In 2007, the US Supreme Court’s 5-4 Leegin decision overturned a century old ban on manufacturers setting a minimum price below which retailers cannot sell that manufacturer’s product. eBay Inc. believes that overturning this long-settled antitrust rule threatens pro-consumer retail competition and innovation leads to higher prices for consumer products. Congress should take action to restore the prohibition on retail price fixing and other forms of selective distribution that undermine open competition between retailers.
- The long-established legal prohibition against retail price fixing permitted discount retailers to sell goods at the most competitive price. Many credit this rule with creating the environment that allowed innovative retailers such as Target, Best Buy, Walmart to challenge the retail status quo in the mid-20th century and emerge into the retail giants they are today.
- Innovative retailers, including Internet-enabled businesses, threaten the established network of manufactures and their largest retail partners. Those established large partners have a decided interest in prohibiting retail innovators from having access to products that they can sell at low prices.
- The antitrust rule against price fixing successfully prevented manufacturers and established retailers from locking out innovative retail competitors.
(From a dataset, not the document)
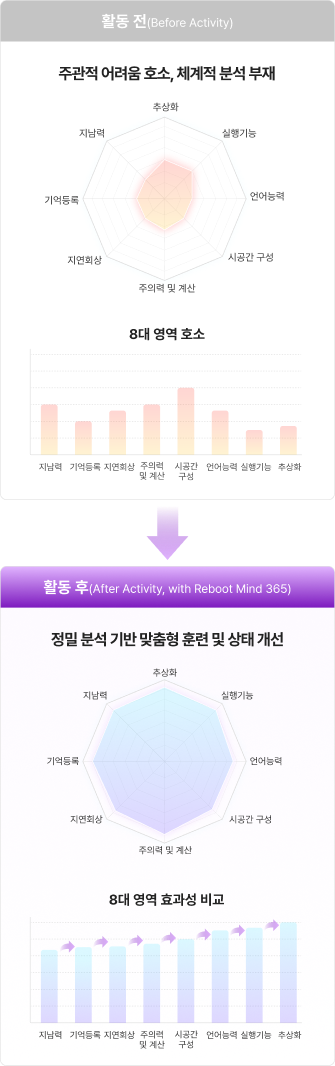 단순 반복이 아닌 상태 기반으로 설계된 개별화 훈련을 통해 인지 기능 향상을 체계적으로 지원합니다.

- There is abundant evidence that retail price fixing raises consumer prices. For the 40 years leading up to the 1975 enactment of the federal Consumer Goods Pricing Act, federal law permitted states to enact so-called “fair trade” laws legalizing vertical price fixing.
- Department of Justice studies conducted in the late 1960s indicated that prices were between 18-27% higher in the states that allowed vertical price fixing, costing consumers billions in the form of higher prices.
- In his dissenting opinion in the Leegin case, Justice Breyer estimated that consumer harm would be significantly greater today. If only 10% of manufacturers engaged in retail price fixing, the volume of commerce affected today would be $300 billion dollars, translating into retail bills that would average $750 to $1,000 dollars higher for the average family of four every year.
Congress should promote open retail competition, especially by small, innovative businesses, and restore the long-established antitrust rule forbidding retail price fixing to enhance competition in the retail market and protect the pocketbooks of consumers.